1887
Volume 2014, Issue 2
  • ISSN: 2305-7823
  • E-ISSN:

Abstract

Carotid sinus syndrome (CSS) is a disease of the autonomic nervous system presenting with syncope, especially in older males who often have cardiovascular disease. The aetiology is unknown and epidemiological data is limited. Forty new patients/million population have been estimated to require pacing for CSS and these patients represent ∼9% of those presenting syncope to a specialist facility. CSS is defined as a response to carotid sinus massage (CSM) that includes reproduction of spontaneous symptoms. Cardioinhibitory CSS shows 3s asystole on CSM and vasodepressor CSS shows >50 mmHg fall in blood pressure (BP), there are mixed forms. The methodology of CSM requires correct massage in the supine and upright with continuous ECG and BP. Assessment of the vasodepressor component implies the ‘method of symptoms’ using atropine to prevent asystole.
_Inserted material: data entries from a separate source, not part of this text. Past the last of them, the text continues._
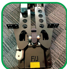
Balder Vehicle Dock
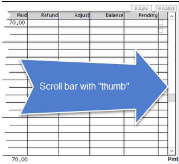
Figure 7 Before

Some sites with large data sets experienced a delay when viewing screens using scroll bars. The scroll bars were removed from multi-record screens to improve performance.
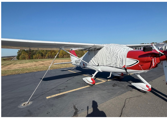
Costruzioni Aeronautiche Tecna P2010 TDI Canopy Cover, over-top-type
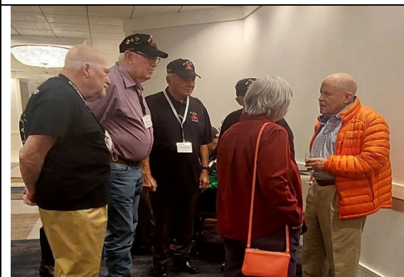
Stinger 41 meets former SECAF Whit Peters
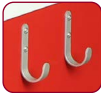
(2) Utility hooks (UHOOKS2)
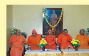
● Temple Silver Jubilee - 2015
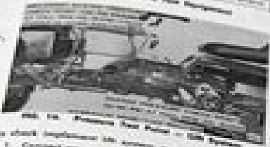
FIG. 16. Pressure Test Point - Oil System

Carotid sinus hypersensitivity (CSH) is a related condition where CSM is positive in an asymptomatic patient. CSH cannot be assumed to respond to pacing. CSS patients present syncope with little or no warning. If no cause is revealed by the initial evaluation, CSM should be considered in all patients >40 years. CSM carries a small risk of thromboembolism. Therapy for cardioinhibitory CSS is dual chamber pacing, which is most effective in patients with a negative tilt test. Syncope recurrence is ∼20% in 5 years in paced patients. Therapy for the vasodepressor component of CSS, as pure vasodepression or mixed, where tilt testing will likely be positive, is often unrewarding: alternative therapeutic measures may be needed including discontinuation/reduction of hypotensive drugs.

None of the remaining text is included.